* _Material for this exercise_
━━━━━━━━━━━━━━━━━━━━━━━━━━━━━━

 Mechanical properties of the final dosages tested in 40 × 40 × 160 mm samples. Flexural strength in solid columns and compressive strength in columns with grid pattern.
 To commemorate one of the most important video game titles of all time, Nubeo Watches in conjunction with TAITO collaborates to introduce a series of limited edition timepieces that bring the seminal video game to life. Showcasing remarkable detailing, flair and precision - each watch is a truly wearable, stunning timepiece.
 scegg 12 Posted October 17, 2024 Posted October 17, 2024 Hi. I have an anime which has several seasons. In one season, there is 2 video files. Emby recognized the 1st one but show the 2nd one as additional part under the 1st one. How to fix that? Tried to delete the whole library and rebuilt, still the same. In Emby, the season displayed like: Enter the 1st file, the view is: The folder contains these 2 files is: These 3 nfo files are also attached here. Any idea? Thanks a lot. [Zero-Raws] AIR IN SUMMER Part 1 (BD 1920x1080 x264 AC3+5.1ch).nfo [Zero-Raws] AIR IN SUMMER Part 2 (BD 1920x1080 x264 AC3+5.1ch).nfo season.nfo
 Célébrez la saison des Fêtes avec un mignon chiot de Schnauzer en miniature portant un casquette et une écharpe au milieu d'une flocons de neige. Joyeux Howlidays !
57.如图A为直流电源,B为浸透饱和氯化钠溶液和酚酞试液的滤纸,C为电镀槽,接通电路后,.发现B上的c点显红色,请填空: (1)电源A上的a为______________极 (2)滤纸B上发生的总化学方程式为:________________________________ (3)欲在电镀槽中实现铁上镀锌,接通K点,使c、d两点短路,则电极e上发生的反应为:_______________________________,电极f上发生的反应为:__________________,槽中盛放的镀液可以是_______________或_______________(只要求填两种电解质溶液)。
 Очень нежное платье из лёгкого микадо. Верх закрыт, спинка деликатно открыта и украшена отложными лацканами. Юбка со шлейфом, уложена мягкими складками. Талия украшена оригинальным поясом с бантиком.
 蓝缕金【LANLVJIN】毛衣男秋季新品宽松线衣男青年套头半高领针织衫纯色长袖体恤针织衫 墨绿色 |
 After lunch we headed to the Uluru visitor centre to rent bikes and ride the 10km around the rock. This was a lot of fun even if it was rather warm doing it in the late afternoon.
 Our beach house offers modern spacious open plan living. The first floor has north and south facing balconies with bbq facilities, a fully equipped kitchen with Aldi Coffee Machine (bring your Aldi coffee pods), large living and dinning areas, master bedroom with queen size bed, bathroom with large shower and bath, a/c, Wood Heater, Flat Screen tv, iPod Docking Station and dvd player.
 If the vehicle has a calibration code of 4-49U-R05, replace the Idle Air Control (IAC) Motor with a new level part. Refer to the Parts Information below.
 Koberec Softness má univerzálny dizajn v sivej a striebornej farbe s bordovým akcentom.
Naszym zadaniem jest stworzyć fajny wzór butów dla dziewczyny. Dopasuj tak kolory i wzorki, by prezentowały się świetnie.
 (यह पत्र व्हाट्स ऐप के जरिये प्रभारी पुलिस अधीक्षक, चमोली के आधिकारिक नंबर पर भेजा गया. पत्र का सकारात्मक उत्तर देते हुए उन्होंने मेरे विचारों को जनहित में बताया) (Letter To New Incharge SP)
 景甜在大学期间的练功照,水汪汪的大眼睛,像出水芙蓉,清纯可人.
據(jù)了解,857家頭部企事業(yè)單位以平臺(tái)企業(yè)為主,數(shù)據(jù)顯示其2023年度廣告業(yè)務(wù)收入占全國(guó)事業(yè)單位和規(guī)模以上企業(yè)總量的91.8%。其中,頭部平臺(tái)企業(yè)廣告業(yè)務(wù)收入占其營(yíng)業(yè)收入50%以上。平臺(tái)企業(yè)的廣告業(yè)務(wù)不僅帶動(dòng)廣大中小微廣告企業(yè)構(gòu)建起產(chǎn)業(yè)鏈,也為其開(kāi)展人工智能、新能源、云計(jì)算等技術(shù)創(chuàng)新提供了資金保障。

━━━━━━━━━━━━━━━━━━━━━━━━━━━━━━

* _What you are asked to do_
Wherever the line holding "If the vehicle" falls in the entries above, copy exactly from it through the line holding "景甜在大学期间的练功照,水汪汪的大眼睛,像出水芙蓉,清纯可人.", inclusive, and add nothing.

* _Exercise response_
 If the vehicle has a calibration code of 4-49U-R05, replace the Idle Air Control (IAC) Motor with a new level part. Refer to the Parts Information below.
 Koberec Softness má univerzálny dizajn v sivej a striebornej farbe s bordovým akcentom.
Naszym zadaniem jest stworzyć fajny wzór butów dla dziewczyny. Dopasuj tak kolory i wzorki, by prezentowały się świetnie.
 (यह पत्र व्हाट्स ऐप के जरिये प्रभारी पुलिस अधीक्षक, चमोली के आधिकारिक नंबर पर भेजा गया. पत्र का सकारात्मक उत्तर देते हुए उन्होंने मेरे विचारों को जनहित में बताया) (Letter To New Incharge SP)
 景甜在大学期间的练功照,水汪汪的大眼睛,像出水芙蓉,清纯可人.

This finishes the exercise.